On February 4, 1844, Milo Calkin was appointed US Vice Commercial Agent for the port of Lāhainā by William Hooper, acting United States Commercial Agent.  One of his duties was to arrange for medical care for sick sailors.

In the beginning, sick and destitute sailors were being boarded out at some private establishment and being given medical care by a physician hired by the Agent.  Calkin soon requested the ability to contract for a hospital to attend to the growing numbers.  (HABS)

By August 1844, the US Marine Hospital was opened on the Armas site.  Back then, the hospital business was divided into three major sections. The Commercial Agent (Calkin was the first) was responsible for recommending seamen to the hospital, keeping necessary papers and books, and handling the financial transactions.

A physician of the hospital (the first in Lāhainā was Dr Charles Winslow) had a contract with the US States Government which guaranteed him exclusive treatment of American seamen at US expense.

The third person involved in the hospital management was the purveyor (the first at Lāhainā was John Munn,) supplying food, clothing, shelter, maid service, laundry service and assorted other necessities.  All of these services were charged to the US government.  (Pyle)

The hospital (sometimes referred to as the ‘Seamen’s Hospital’) continued until 1862.  A couple things caused it to close – (1) demand was dwindling (in 1859, an oil well was discovered and developed in Titusville, Pennsylvania; within a few years this new type of oil replaced whale oil for lamps and many other uses – spelling the end of the whaling industry) and (2) a festering scandal surfaced accusing misuse of government funds.

Part of the scandal started with some questions about the exorbitant amounts charged by Dr Winslow.  Winslow evidently made his fortune in Lāhainā and left.  In a November 19, 1847 letter (Rev Baldwin to EB Robinson, “…. tomorrow morning they (Winslow) embark … for the U. States. Dr. W. came out four years since from Nantucket—has had the Seamenʻs hospital here and other practices who have probably yielded him $20,000 or more, and now feels rich enough to go home.”

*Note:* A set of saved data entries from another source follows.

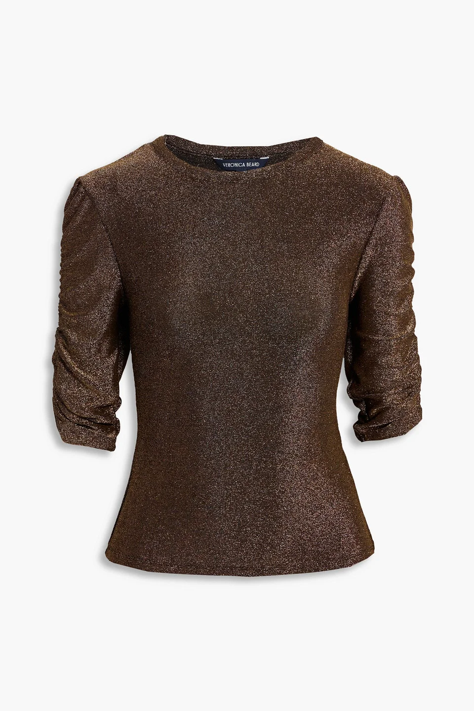 Top metallic stretch-jersey ruched sleeves slips on mid-weight, stretchy fabric dry clean imported 77% Polyamide 21% Metal 2% Elastane Product Code 46376663162972982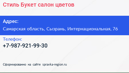 Стиль Букет, салон цветов по адресу Самарская область, Сызрань, Интернациональная, 76 в дальнейшем Организация, размещена в следующих категориях: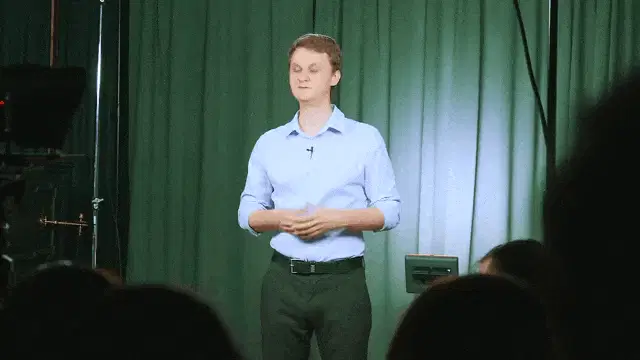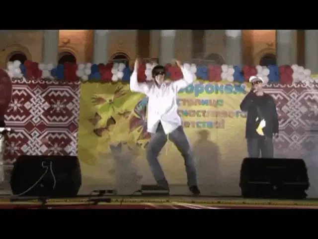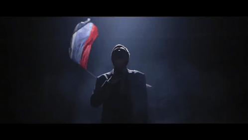 Slava KPSS and Gnoyny perform dramatically in a suit, with a Russian flag waving in the background.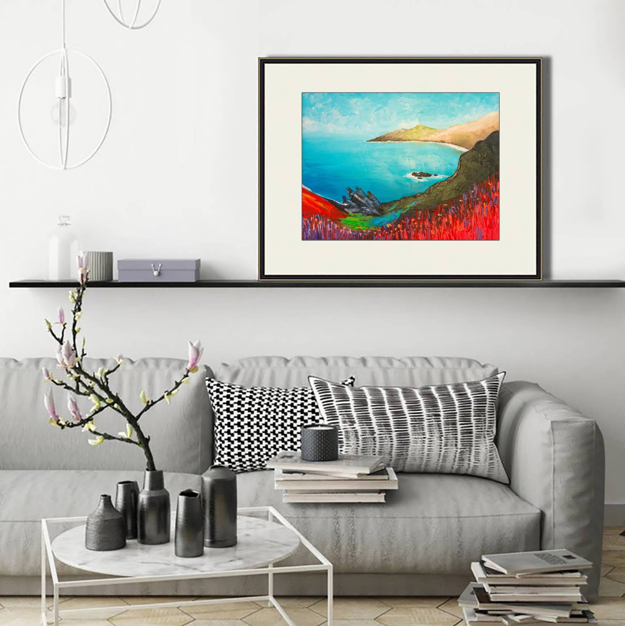 Coastal Bay Seascape Painting Cliffs Ocean View Wildflowers Landscape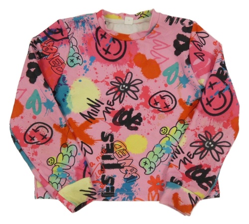 Růžovo-barevná crop lehká mikina s grafitty Shein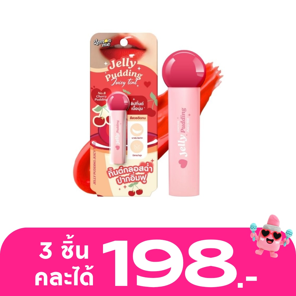 Lemon Me Jelly Pudding Juicy Tint No. 8 Cherry Pudding Lip Tint Glossy gloss, full lips, size 2.3 grams, cute stick shape, used for decorating lips, making the lips beautiful and attractive, giving a beautiful, juicy color. And with nourishing ingredients from camelina oil and 5 other extracts and vitamin E, it helps nourish the lips to be smooth, not dry, light on the lips, revealing beautiful, bright, plump lips, beautiful, full lips all day long. With the bright colors of the juicy lip tint And cute packaging Including the affordable price It is a trendy lip, never out of date And suitable to collect every color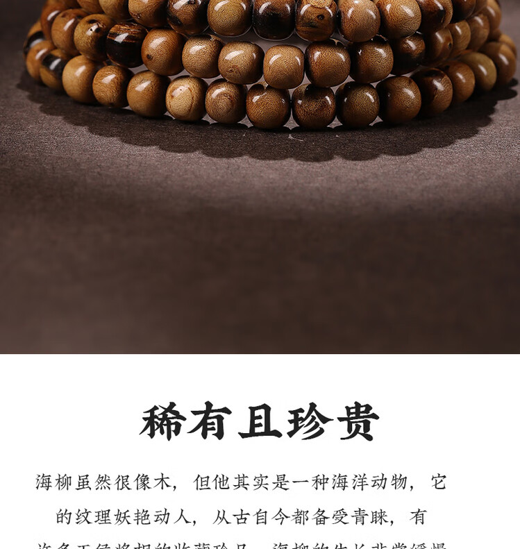 T&U guaranteed price natural sea willow bracelet for women, original color multi-circle Buddha beads, old material black coral blood willow bracelet, round bead style 8mm, 108 beads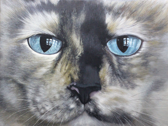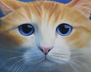 The image showcases a detailed close-up of a cat's face, highlighting its striking blue eyes. The fur appears soft with a gentle color gradient.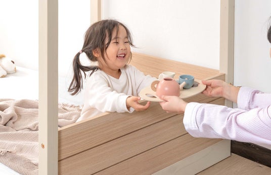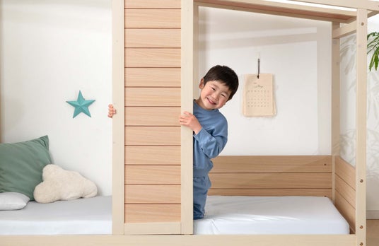 あえて遊びの要素を残した設計により、お子さまの発想次第で「自分だけのおうち」や「お店屋さん」など、多彩な使い方が可能です。ベッドそのものが創造力を育む遊び場のような空間を生み出します。

Calkin was not only Commercial Agent, he was a successful ship chandler; however, he abruptly dissolved his business in February, 1846 and departed from Hawaiʻi in November of that same year.  “It seems unlikely that Calkin was actually involved in the fraud, but he must have known about it.”  (Pyle)

After Charles Bunker of Massachusetts arrived as US consul to Lāhainā in 1850 (which had recently been elevated to a Consulate from an Agent) costs at the consulate skyrocketed. By 1852, officials at the Treasury Department had become suspicious. The costs to care for seamen at Lāhainā were nearly double per person than those in Honolulu.  (US Archives)

The situation continued for a few more years, but when the total amount spent for the hospitals in Honolulu, Lāhainā and Hilo reached more than $150,000 per year, an investigation was demanded by the Treasury Department.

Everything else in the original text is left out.